UK: EU Commission Sets Sights On Minimum Standards For Credit Servicers

Last Updated: 16 July 2018
Article by Michael Huertas, Markus Schrader and Katja Michel

QuickTake: New rules aim for a more single servicers market but potentially at a cost

Credit servicers, originators and credit purchasers will all be impacted in the form of new authorization requirements, including conduct of business obligations, (also creating possible new options), notification requirements to enforce against and/or transfer in-scope credit agreements as well as a breadth of standard form contracts and polices that will need to be implemented. Affected firms will want to use the time between now and potential entry into full force by July 2021 to lobby and prepare for a move to these new standards.

The EU's proposed Servicing Directive – why now?

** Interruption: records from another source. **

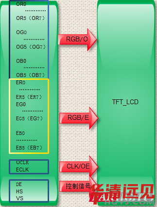 雙通道,也就是兩組RGB數據,分為奇通道、偶通道,時鐘有的也分為OCLK/ECLK,有的公用一個,我們示意圖上畫了兩個,如下所示: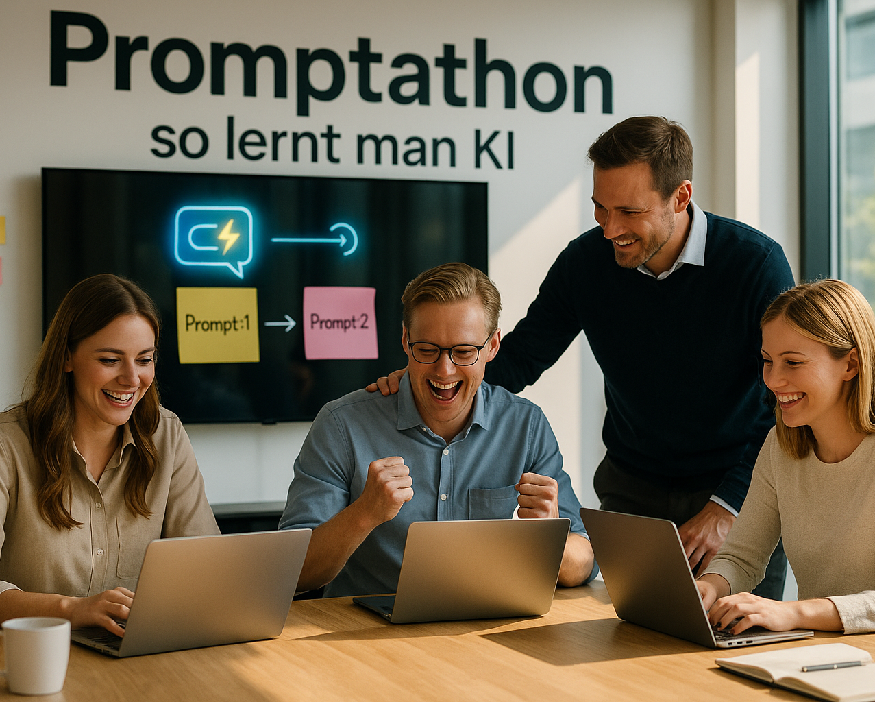 Ein Promptathon ist kein Vortragsformat und keine Spielwiese für Tech-Nerds. Er ist eine geleitete Arbeitssession (2–8 Stunden), in der gemischte Teams echte Alltags-Challenges mit Generativer KI (z. B. Microsoft 365 Copilot, ChatGPT) bearbeiten – mit klaren Deliverables/Ergebnissen, Qualitätskriterien und Follow-up.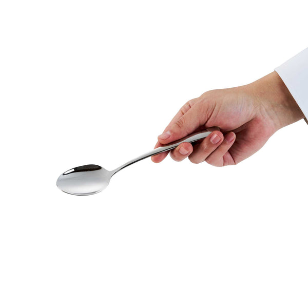 Provide the perfect finishing touch for your tableware with these Stainless Steel Dessert Spoons from our Speculo Flatware Collection. Combining modern design with curved lines, this high quality silverware enhances any occasion with a sense of refined luxury. Our Speculo Collection of heavy weight flatware is constructed from high grade 18/10 stainless steel. Featuring a striking high-shine mirror finish, these dessert spoons instantly brighten up any place setting or tablescape. Ideal for use as commercial flatware, these sleek spoons are dent-resistant, corrosion-resistant, and dishwasher-safe. Each of these dessert spoons measures 7 inches in length. Sold in a 2 count box.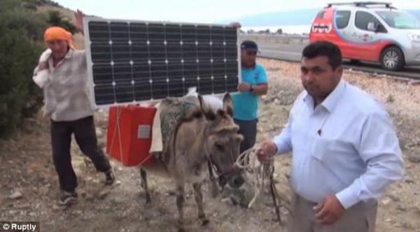 土耳其農(nóng)夫在驢背上放置太陽(yáng)能電池板,在放牧?xí)r可采集太陽(yáng)能為隨身攜帶的筆記本電腦和手機(jī)充電。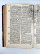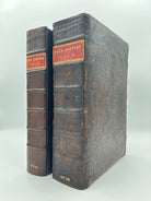 Multiple pages have been repaired with part of the leaf and facsimile. Top right corners of pages 1675 through 1750 have been repaired with the text written in by hand. Volume one is complete. Volume one is bound in panel calf and volume two and modeled calf. Corners repaired both volumes have been back. Volume two has original spine laid down. Modern Morocco labels to spine. Joints of volume two are slightly cracked with some surface marking and where. Some internal foxing illustrated throughout with celebrated wood cuts. Title page of volume one is inscribed with the name Mary Scamman.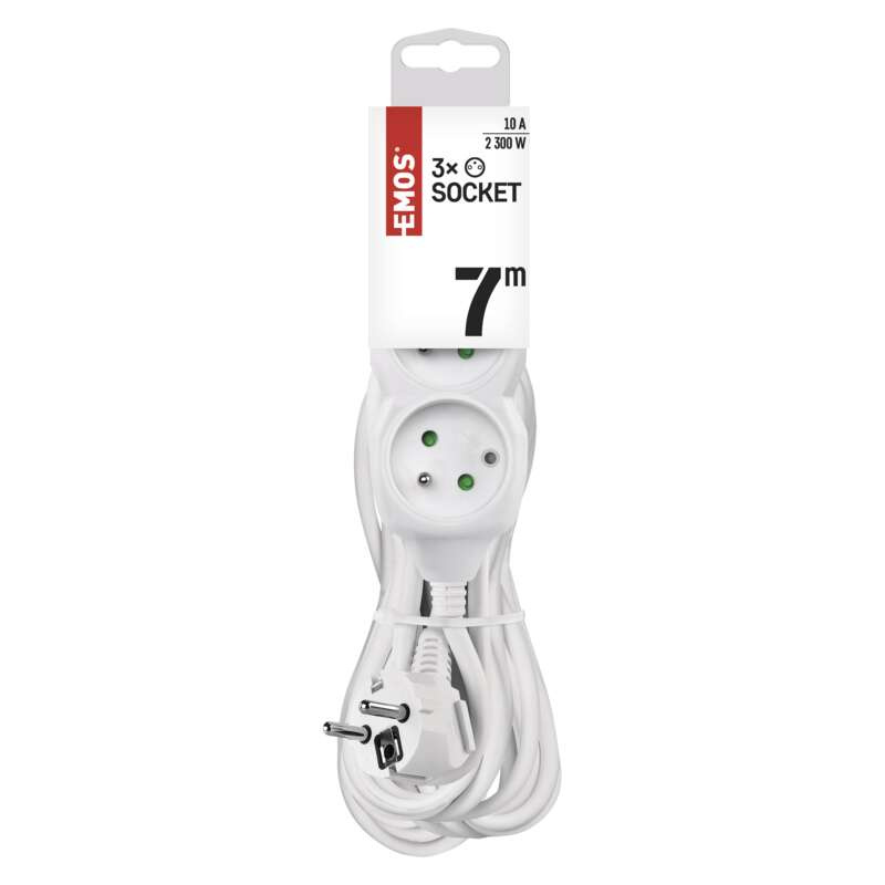 barva: bílá|délka: 7 m|dětské clonky: ano|materiál zásuvky a vidlice: plast|max. zátěž: 2 300 W|napětí/proud: 250 V~/10 A max.|počet zásuvek: 3× 2P + PE|prodejní obal: 1 ks, závěs|typ izolace: PVC|USB výstup: ne|vodič: H05VV-F3G 1 mm²|vypínač: ne

For originators and investors, credit servicers play an important role in a breadth of financial transactions, in particular for securitizations and non-performing loans and exposures (collectively herein NPEs), often framed as the "legacy hangover from the crisis." It should therefore come as no surprise that the following reform moves to improve and harmonize the EU regulatory and legislative framework for both securitizations as well as NPEs. The EU Commission has now decided—independent of a Capital Markets Union priority and Banking Union supervisory objectives (especially on resolving NPEs)—to introduce a legislative proposal for a Directive on credit servicers, credit purchasers and the recovery of collateral1 (the Servicing Directive) which was published on 14 March 20182 and is intended to be adopted in 2019. The proposal is made on the basis of two separate consultations on elements that both form part of this new piece of EU legislation, and the approach being taken means there is a strong political will for it to be approved as is. This Client Alert assesses the impacts of this far-reaching proposal and how it might affect originators, investors and services.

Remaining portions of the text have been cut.